__YOUR ASSIGNMENT__
Please produce a character-exact copy of the listing that follows, omitting all images.

__DATASET EXTRACT__

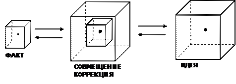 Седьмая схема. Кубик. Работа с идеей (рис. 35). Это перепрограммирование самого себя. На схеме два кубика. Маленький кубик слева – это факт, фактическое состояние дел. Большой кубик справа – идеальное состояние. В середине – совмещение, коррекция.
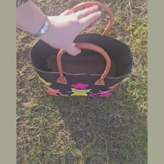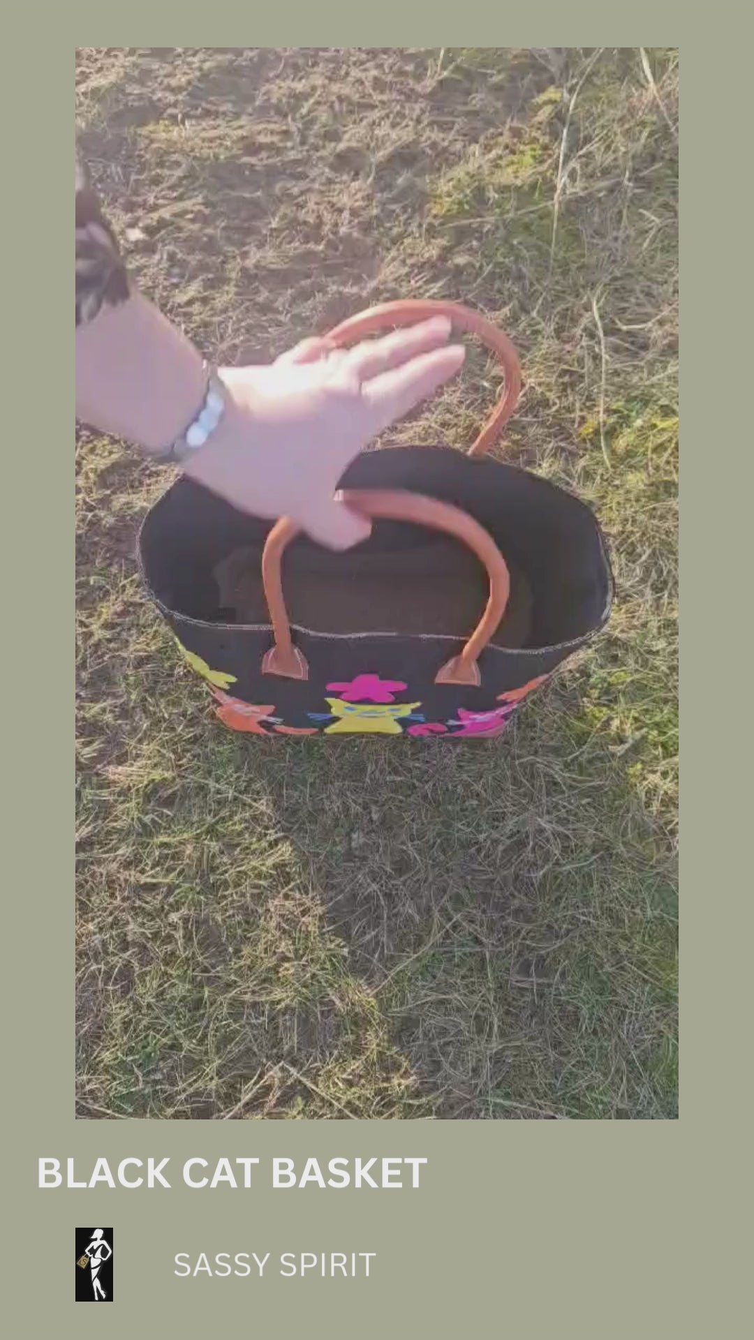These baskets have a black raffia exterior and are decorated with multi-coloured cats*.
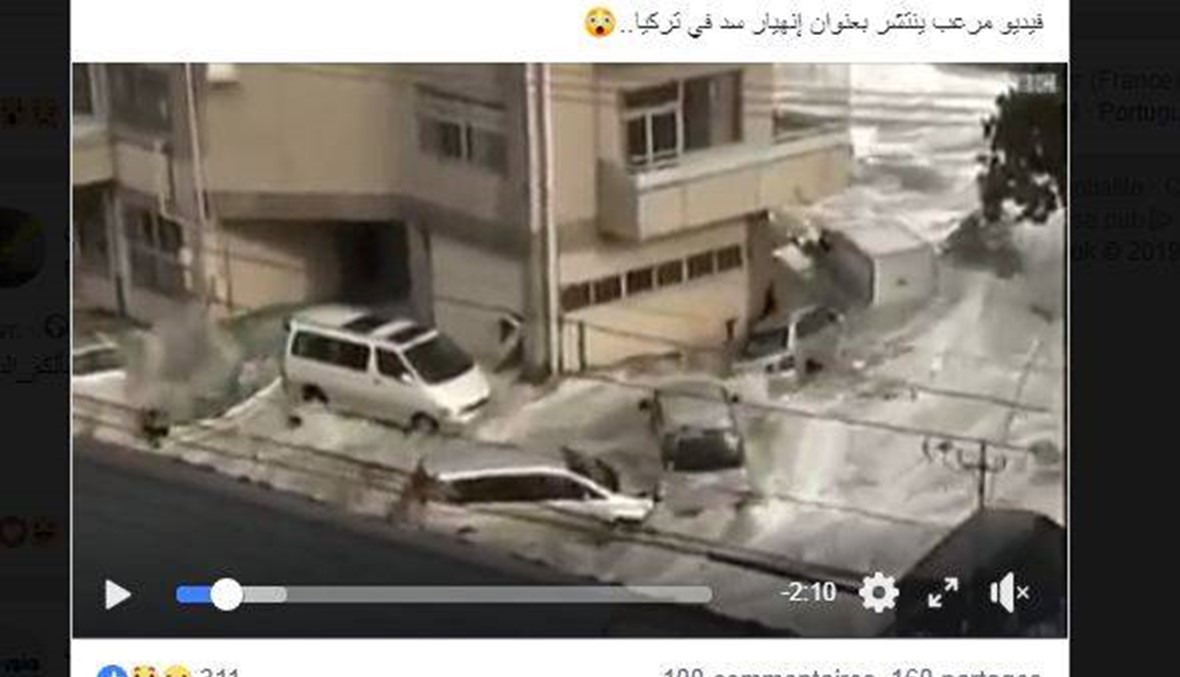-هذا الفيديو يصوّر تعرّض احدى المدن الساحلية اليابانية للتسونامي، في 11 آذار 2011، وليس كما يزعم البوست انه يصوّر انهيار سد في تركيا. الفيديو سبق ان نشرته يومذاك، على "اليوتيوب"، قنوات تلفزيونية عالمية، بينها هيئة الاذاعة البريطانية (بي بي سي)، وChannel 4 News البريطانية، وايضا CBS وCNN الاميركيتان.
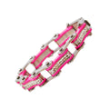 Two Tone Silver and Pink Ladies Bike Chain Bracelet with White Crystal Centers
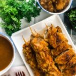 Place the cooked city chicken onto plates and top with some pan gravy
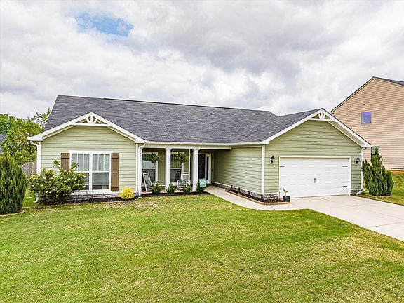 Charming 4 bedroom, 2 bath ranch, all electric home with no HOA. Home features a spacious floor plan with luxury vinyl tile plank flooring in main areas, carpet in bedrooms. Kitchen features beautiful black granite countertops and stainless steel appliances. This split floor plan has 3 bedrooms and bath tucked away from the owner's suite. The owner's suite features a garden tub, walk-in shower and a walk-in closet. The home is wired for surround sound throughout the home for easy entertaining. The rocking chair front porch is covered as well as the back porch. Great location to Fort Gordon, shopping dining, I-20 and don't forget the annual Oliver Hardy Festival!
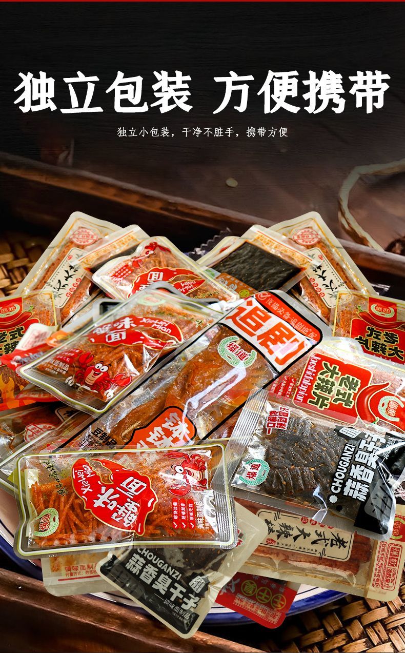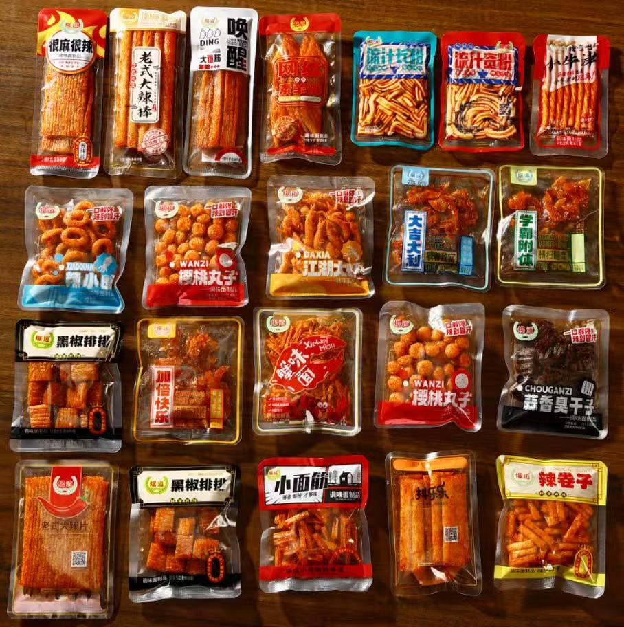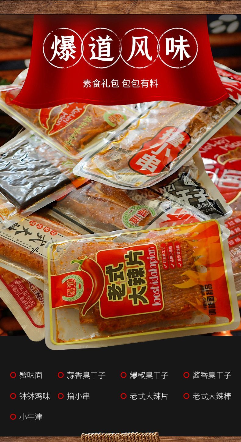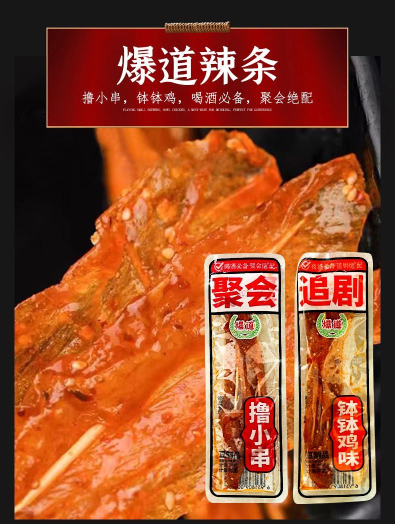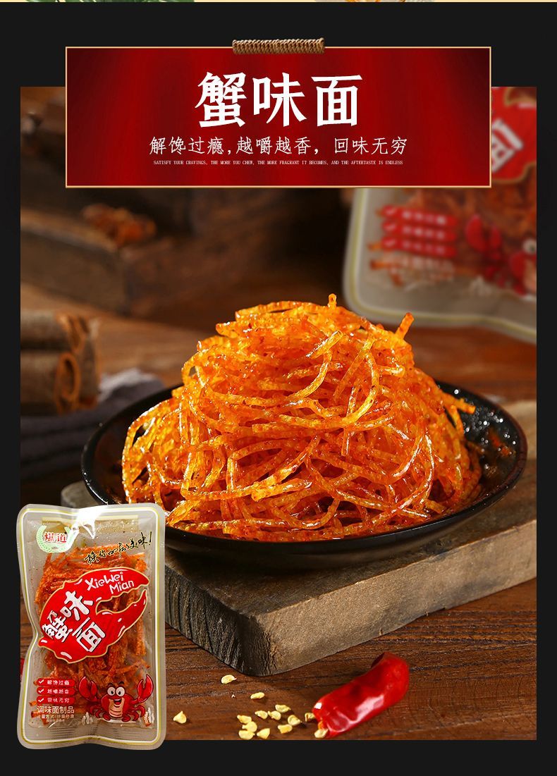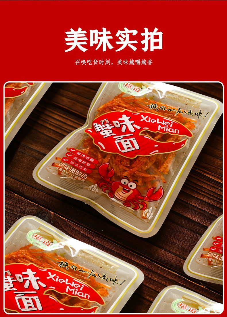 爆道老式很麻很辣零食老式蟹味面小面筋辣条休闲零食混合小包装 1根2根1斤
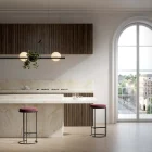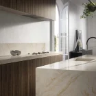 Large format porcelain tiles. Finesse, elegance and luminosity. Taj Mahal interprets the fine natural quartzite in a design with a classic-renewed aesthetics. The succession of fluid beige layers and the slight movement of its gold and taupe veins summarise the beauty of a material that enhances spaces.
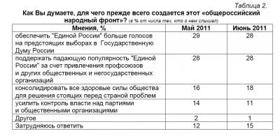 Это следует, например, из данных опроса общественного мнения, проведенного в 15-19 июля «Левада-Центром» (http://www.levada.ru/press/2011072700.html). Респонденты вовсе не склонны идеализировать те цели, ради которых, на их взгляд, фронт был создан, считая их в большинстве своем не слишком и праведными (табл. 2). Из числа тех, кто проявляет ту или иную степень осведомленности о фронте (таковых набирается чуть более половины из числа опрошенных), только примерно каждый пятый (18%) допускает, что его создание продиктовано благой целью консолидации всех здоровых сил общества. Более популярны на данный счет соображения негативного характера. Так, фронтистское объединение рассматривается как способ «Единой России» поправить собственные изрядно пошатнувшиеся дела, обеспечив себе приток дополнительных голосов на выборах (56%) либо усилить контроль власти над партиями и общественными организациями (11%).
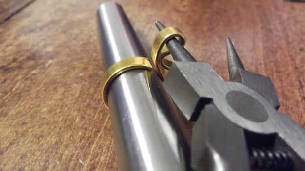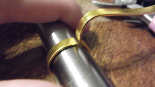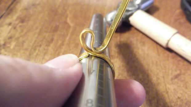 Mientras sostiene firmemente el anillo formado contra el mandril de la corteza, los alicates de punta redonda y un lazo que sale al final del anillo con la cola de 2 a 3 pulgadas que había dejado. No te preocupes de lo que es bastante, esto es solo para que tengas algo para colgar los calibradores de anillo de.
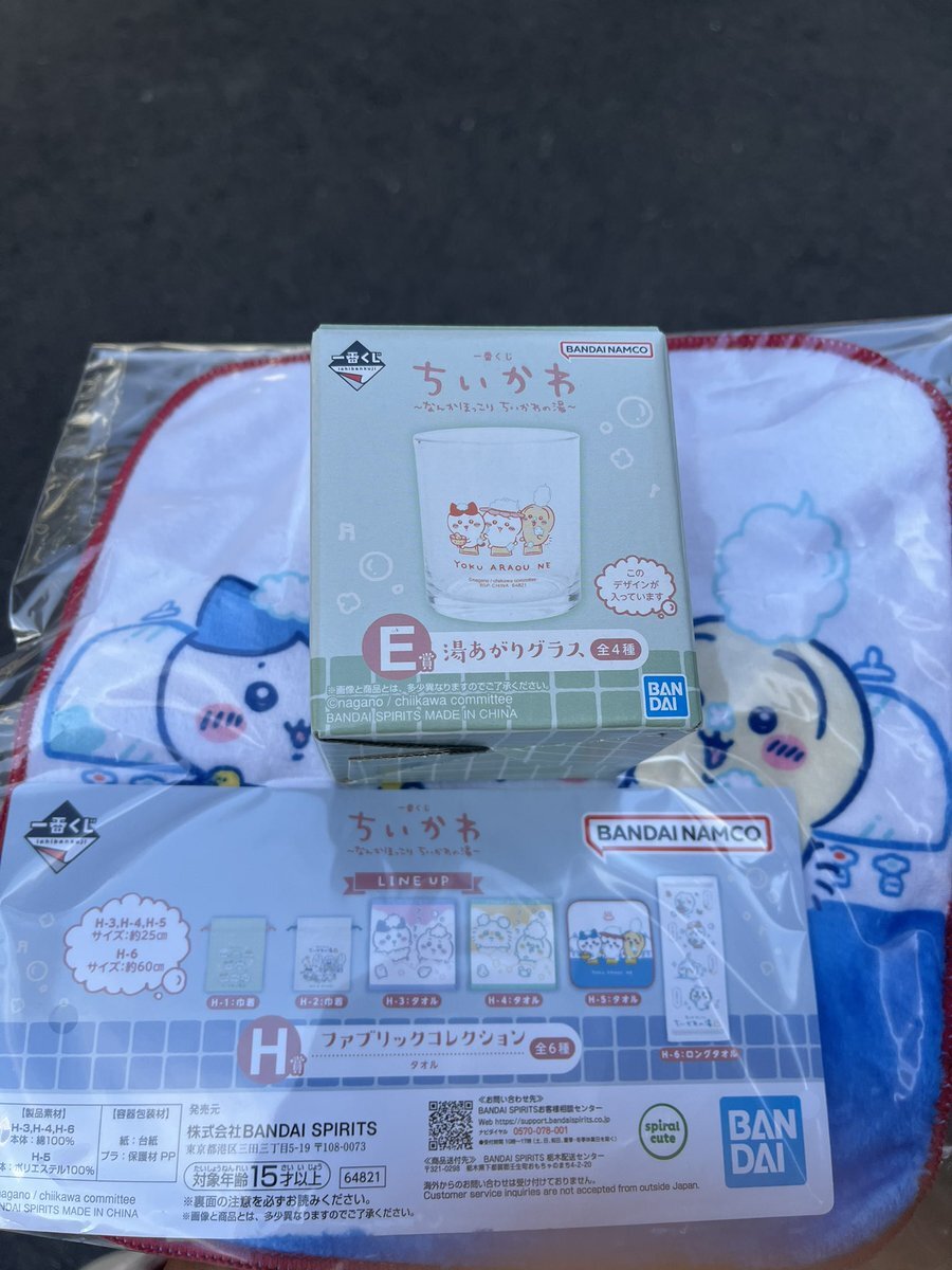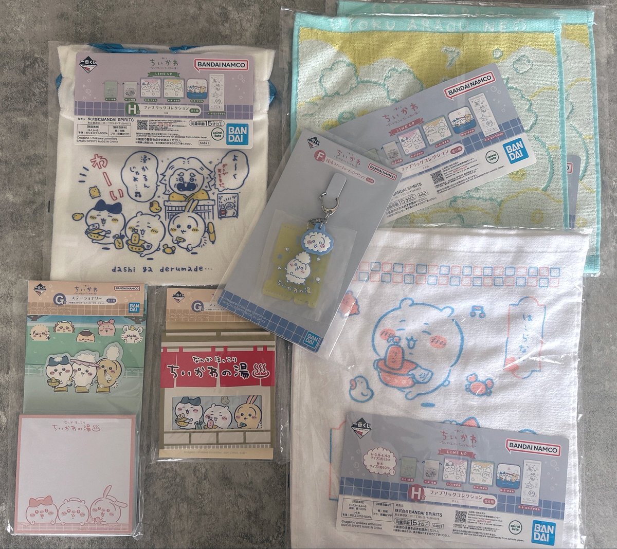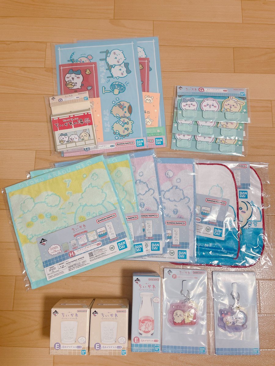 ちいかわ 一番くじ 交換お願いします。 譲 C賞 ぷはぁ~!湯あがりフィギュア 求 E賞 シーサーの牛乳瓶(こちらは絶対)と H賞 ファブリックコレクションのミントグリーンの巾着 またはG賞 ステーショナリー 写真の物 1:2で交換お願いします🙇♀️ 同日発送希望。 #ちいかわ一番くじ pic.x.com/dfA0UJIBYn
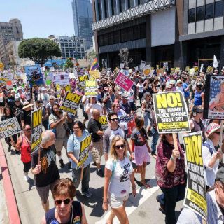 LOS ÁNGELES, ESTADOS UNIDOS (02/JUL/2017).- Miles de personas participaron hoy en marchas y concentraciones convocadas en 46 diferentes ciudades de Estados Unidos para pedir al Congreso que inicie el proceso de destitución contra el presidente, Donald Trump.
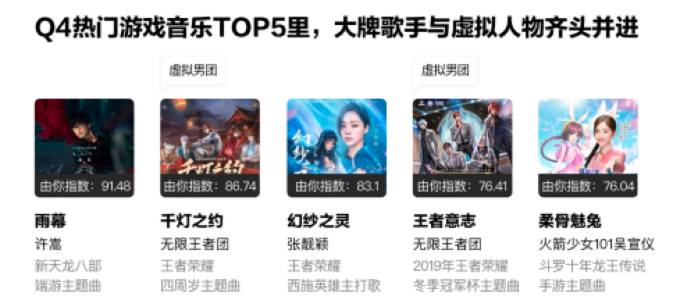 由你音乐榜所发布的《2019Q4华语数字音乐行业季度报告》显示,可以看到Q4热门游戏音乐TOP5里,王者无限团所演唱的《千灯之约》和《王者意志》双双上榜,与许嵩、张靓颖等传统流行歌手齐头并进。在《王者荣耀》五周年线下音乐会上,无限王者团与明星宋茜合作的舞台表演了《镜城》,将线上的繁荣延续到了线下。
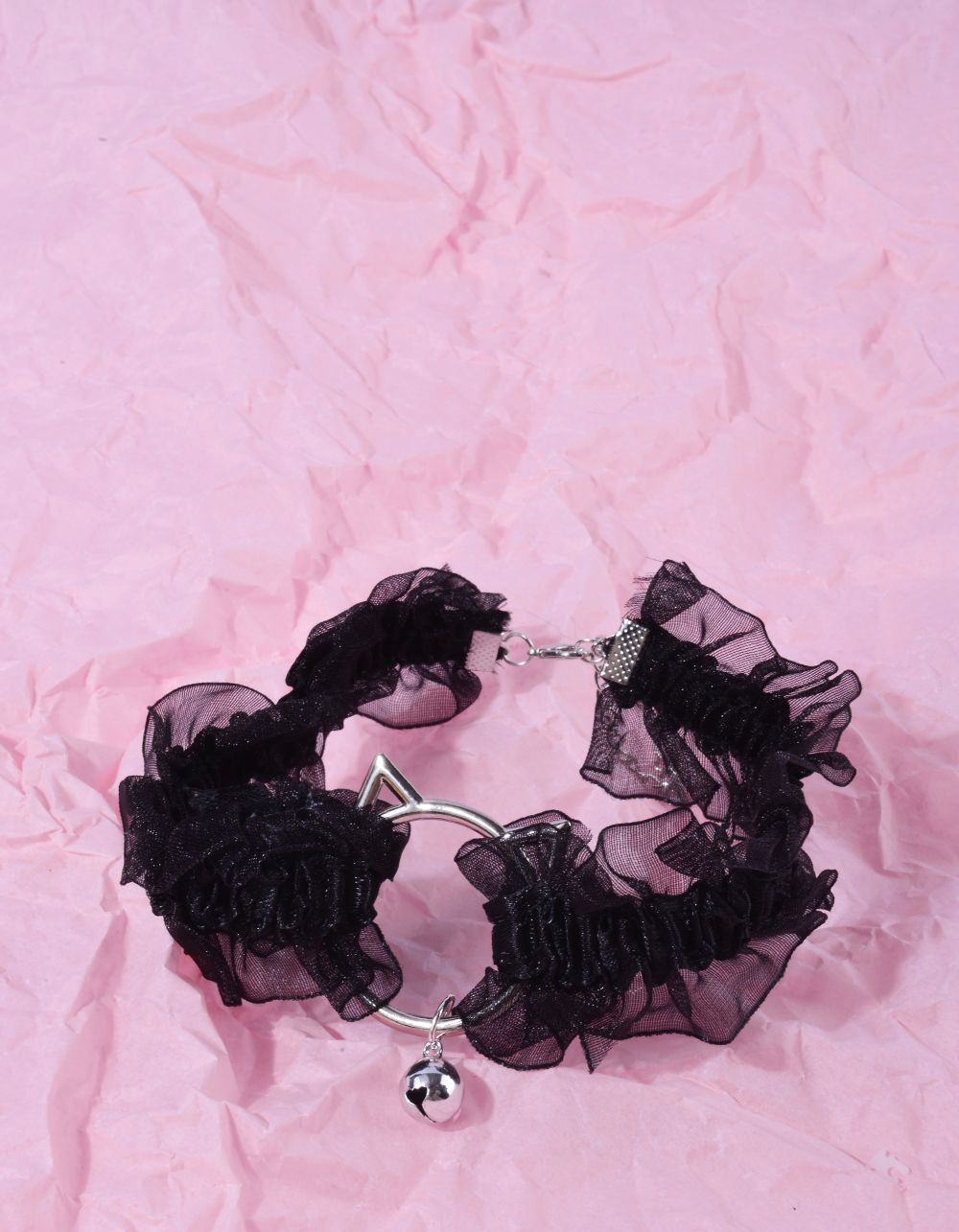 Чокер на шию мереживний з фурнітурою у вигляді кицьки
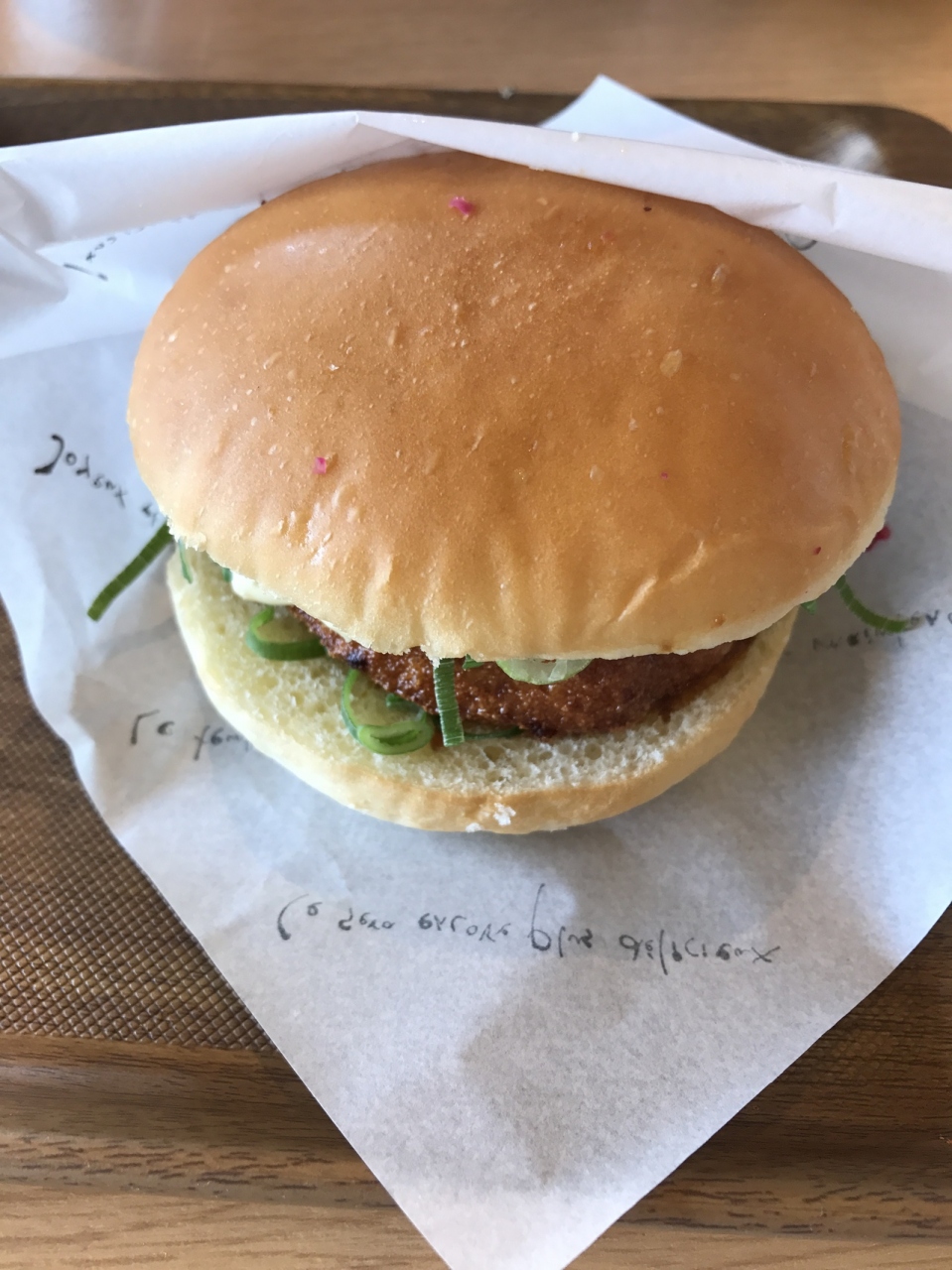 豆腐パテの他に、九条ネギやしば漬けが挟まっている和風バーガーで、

__REPLY__
 Седьмая схема. Кубик. Работа с идеей (рис. 35). Это перепрограммирование самого себя. На схеме два кубика. Маленький кубик слева – это факт, фактическое состояние дел. Большой кубик справа – идеальное состояние. В середине – совмещение, коррекция.
These baskets have a black raffia exterior and are decorated with multi-coloured cats*.
-هذا الفيديو يصوّر تعرّض احدى المدن الساحلية اليابانية للتسونامي، في 11 آذار 2011، وليس كما يزعم البوست انه يصوّر انهيار سد في تركيا. الفيديو سبق ان نشرته يومذاك، على "اليوتيوب"، قنوات تلفزيونية عالمية، بينها هيئة الاذاعة البريطانية (بي بي سي)، وChannel 4 News البريطانية، وايضا CBS وCNN الاميركيتان.
 Two Tone Silver and Pink Ladies Bike Chain Bracelet with White Crystal Centers
 Place the cooked city chicken onto plates and top with some pan gravy
 Charming 4 bedroom, 2 bath ranch, all electric home with no HOA. Home features a spacious floor plan with luxury vinyl tile plank flooring in main areas, carpet in bedrooms. Kitchen features beautiful black granite countertops and stainless steel appliances. This split floor plan has 3 bedrooms and bath tucked away from the owner's suite. The owner's suite features a garden tub, walk-in shower and a walk-in closet. The home is wired for surround sound throughout the home for easy entertaining. The rocking chair front porch is covered as well as the back porch. Great location to Fort Gordon, shopping dining, I-20 and don't forget the annual Oliver Hardy Festival!
 爆道老式很麻很辣零食老式蟹味面小面筋辣条休闲零食混合小包装 1根2根1斤
 Large format porcelain tiles. Finesse, elegance and luminosity. Taj Mahal interprets the fine natural quartzite in a design with a classic-renewed aesthetics. The succession of fluid beige layers and the slight movement of its gold and taupe veins summarise the beauty of a material that enhances spaces.
 Это следует, например, из данных опроса общественного мнения, проведенного в 15-19 июля «Левада-Центром» (http://www.levada.ru/press/2011072700.html). Респонденты вовсе не склонны идеализировать те цели, ради которых, на их взгляд, фронт был создан, считая их в большинстве своем не слишком и праведными (табл. 2). Из числа тех, кто проявляет ту или иную степень осведомленности о фронте (таковых набирается чуть более половины из числа опрошенных), только примерно каждый пятый (18%) допускает, что его создание продиктовано благой целью консолидации всех здоровых сил общества. Более популярны на данный счет соображения негативного характера. Так, фронтистское объединение рассматривается как способ «Единой России» поправить собственные изрядно пошатнувшиеся дела, обеспечив себе приток дополнительных голосов на выборах (56%) либо усилить контроль власти над партиями и общественными организациями (11%).
 Mientras sostiene firmemente el anillo formado contra el mandril de la corteza, los alicates de punta redonda y un lazo que sale al final del anillo con la cola de 2 a 3 pulgadas que había dejado. No te preocupes de lo que es bastante, esto es solo para que tengas algo para colgar los calibradores de anillo de.
 ちいかわ 一番くじ 交換お願いします。 譲 C賞 ぷはぁ~!湯あがりフィギュア 求 E賞 シーサーの牛乳瓶(こちらは絶対)と H賞 ファブリックコレクションのミントグリーンの巾着 またはG賞 ステーショナリー 写真の物 1:2で交換お願いします🙇♀️ 同日発送希望。 #ちいかわ一番くじ pic.x.com/dfA0UJIBYn
 LOS ÁNGELES, ESTADOS UNIDOS (02/JUL/2017).- Miles de personas participaron hoy en marchas y concentraciones convocadas en 46 diferentes ciudades de Estados Unidos para pedir al Congreso que inicie el proceso de destitución contra el presidente, Donald Trump.
 由你音乐榜所发布的《2019Q4华语数字音乐行业季度报告》显示,可以看到Q4热门游戏音乐TOP5里,王者无限团所演唱的《千灯之约》和《王者意志》双双上榜,与许嵩、张靓颖等传统流行歌手齐头并进。在《王者荣耀》五周年线下音乐会上,无限王者团与明星宋茜合作的舞台表演了《镜城》,将线上的繁荣延续到了线下。
 Чокер на шию мереживний з фурнітурою у вигляді кицьки
 豆腐パテの他に、九条ネギやしば漬けが挟まっている和風バーガーで、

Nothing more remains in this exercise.